**RAW DATA**
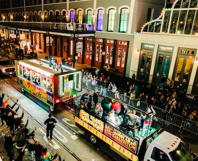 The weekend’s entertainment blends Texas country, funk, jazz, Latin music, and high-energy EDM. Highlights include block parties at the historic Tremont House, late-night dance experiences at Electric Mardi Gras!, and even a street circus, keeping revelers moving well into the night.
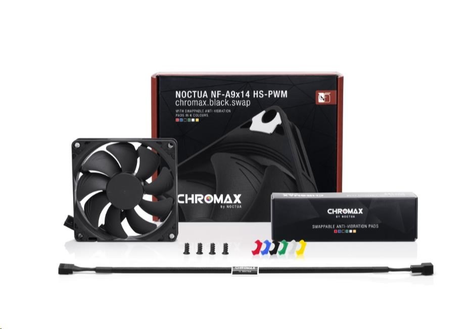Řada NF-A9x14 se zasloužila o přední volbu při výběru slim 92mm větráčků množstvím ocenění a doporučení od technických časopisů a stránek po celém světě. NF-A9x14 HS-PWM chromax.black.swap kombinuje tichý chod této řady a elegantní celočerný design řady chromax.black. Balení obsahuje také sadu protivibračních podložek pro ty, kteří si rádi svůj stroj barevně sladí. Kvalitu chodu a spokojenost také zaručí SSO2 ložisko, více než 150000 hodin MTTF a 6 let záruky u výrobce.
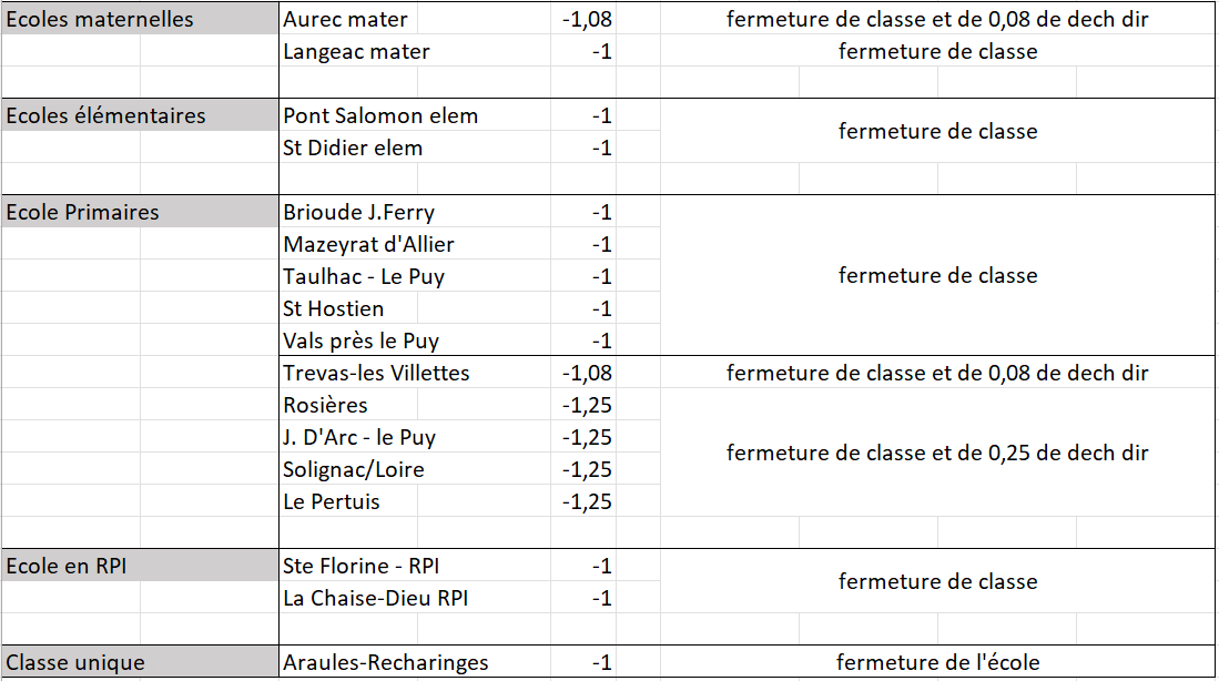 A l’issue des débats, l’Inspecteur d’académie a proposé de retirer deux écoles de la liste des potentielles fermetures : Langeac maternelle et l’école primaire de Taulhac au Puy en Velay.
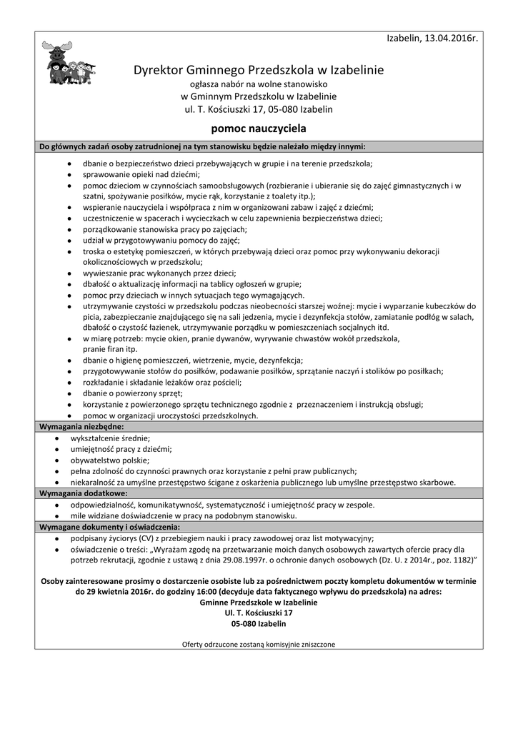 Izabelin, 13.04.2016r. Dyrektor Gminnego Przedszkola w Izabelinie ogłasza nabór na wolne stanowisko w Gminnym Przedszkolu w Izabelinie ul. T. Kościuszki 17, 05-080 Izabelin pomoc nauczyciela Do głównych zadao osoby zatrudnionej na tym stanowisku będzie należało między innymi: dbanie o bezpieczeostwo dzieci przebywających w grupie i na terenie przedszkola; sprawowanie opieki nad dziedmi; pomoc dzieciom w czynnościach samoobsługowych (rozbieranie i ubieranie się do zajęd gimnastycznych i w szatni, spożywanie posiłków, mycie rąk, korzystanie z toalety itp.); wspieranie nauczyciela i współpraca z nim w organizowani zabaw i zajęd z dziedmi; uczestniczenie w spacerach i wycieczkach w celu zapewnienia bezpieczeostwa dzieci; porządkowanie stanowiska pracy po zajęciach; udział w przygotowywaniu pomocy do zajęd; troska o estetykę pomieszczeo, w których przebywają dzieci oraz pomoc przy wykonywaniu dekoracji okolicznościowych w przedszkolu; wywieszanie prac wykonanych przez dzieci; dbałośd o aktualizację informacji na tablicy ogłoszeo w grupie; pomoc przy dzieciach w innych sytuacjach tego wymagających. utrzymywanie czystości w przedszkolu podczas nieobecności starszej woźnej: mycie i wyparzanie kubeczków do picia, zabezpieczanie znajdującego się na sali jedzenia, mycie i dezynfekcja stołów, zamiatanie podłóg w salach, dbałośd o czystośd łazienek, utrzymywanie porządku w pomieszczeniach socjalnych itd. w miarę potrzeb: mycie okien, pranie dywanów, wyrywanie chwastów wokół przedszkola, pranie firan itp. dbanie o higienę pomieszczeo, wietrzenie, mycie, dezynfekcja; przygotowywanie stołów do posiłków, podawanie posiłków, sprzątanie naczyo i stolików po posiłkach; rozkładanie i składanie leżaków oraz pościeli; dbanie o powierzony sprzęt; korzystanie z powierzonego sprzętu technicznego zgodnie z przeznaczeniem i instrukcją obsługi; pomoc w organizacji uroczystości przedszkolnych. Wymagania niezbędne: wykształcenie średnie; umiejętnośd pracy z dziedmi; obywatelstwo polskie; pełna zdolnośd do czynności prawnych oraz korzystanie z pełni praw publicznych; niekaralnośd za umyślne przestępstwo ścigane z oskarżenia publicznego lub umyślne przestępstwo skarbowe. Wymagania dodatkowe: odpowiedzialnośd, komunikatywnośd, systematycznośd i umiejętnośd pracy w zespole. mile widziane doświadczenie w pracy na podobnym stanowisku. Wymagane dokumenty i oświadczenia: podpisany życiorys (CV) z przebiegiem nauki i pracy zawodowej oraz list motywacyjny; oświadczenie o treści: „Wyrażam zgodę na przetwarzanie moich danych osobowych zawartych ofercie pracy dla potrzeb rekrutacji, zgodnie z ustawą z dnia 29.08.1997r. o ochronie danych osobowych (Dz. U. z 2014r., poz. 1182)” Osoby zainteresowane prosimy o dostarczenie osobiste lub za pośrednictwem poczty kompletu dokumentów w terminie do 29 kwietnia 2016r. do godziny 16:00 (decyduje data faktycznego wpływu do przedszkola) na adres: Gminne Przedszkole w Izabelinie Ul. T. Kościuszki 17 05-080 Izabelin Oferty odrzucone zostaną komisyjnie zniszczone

**YOUR TASK**
Once you have returned the line containing "A l’issue des", stop; begin at the first line of the material, keep each line exact, and skip the pictures.

**FINAL ANSWER**
 The weekend’s entertainment blends Texas country, funk, jazz, Latin music, and high-energy EDM. Highlights include block parties at the historic Tremont House, late-night dance experiences at Electric Mardi Gras!, and even a street circus, keeping revelers moving well into the night.
Řada NF-A9x14 se zasloužila o přední volbu při výběru slim 92mm větráčků množstvím ocenění a doporučení od technických časopisů a stránek po celém světě. NF-A9x14 HS-PWM chromax.black.swap kombinuje tichý chod této řady a elegantní celočerný design řady chromax.black. Balení obsahuje také sadu protivibračních podložek pro ty, kteří si rádi svůj stroj barevně sladí. Kvalitu chodu a spokojenost také zaručí SSO2 ložisko, více než 150000 hodin MTTF a 6 let záruky u výrobce.
 A l’issue des débats, l’Inspecteur d’académie a proposé de retirer deux écoles de la liste des potentielles fermetures : Langeac maternelle et l’école primaire de Taulhac au Puy en Velay.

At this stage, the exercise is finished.